§ Given records
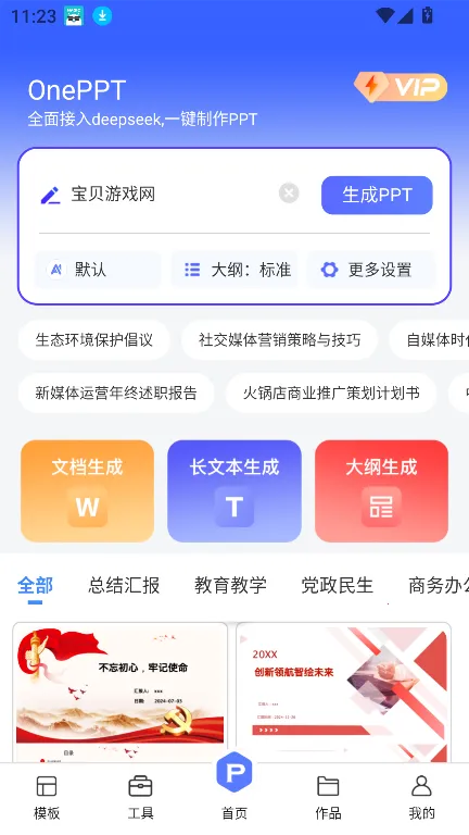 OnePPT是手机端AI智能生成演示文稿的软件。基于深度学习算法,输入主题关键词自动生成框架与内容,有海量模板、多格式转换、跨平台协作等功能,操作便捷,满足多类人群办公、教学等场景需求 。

--

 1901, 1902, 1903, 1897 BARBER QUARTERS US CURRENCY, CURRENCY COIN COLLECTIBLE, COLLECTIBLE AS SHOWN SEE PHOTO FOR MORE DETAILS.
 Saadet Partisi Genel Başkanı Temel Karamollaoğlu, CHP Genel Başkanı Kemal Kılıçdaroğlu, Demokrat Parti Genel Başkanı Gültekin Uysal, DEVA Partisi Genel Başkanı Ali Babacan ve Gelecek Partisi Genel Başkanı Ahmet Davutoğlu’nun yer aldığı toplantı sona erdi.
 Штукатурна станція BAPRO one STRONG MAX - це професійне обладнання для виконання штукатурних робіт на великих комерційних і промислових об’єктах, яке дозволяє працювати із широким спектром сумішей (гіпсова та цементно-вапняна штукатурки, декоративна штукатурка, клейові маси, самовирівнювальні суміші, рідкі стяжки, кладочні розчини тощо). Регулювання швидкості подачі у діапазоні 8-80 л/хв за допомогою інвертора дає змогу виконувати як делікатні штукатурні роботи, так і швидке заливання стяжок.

§ Work required
From the records above, retype only the lines starting at the line that contains "1901, 1902, 1903, 1897" and ending at the line that contains "Штукатурна станція BAPRO", both included.

§ Written solution
 1901, 1902, 1903, 1897 BARBER QUARTERS US CURRENCY, CURRENCY COIN COLLECTIBLE, COLLECTIBLE AS SHOWN SEE PHOTO FOR MORE DETAILS.
 Saadet Partisi Genel Başkanı Temel Karamollaoğlu, CHP Genel Başkanı Kemal Kılıçdaroğlu, Demokrat Parti Genel Başkanı Gültekin Uysal, DEVA Partisi Genel Başkanı Ali Babacan ve Gelecek Partisi Genel Başkanı Ahmet Davutoğlu’nun yer aldığı toplantı sona erdi.
 Штукатурна станція BAPRO one STRONG MAX - це професійне обладнання для виконання штукатурних робіт на великих комерційних і промислових об’єктах, яке дозволяє працювати із широким спектром сумішей (гіпсова та цементно-вапняна штукатурки, декоративна штукатурка, клейові маси, самовирівнювальні суміші, рідкі стяжки, кладочні розчини тощо). Регулювання швидкості подачі у діапазоні 8-80 л/хв за допомогою інвертора дає змогу виконувати як делікатні штукатурні роботи, так і швидке заливання стяжок.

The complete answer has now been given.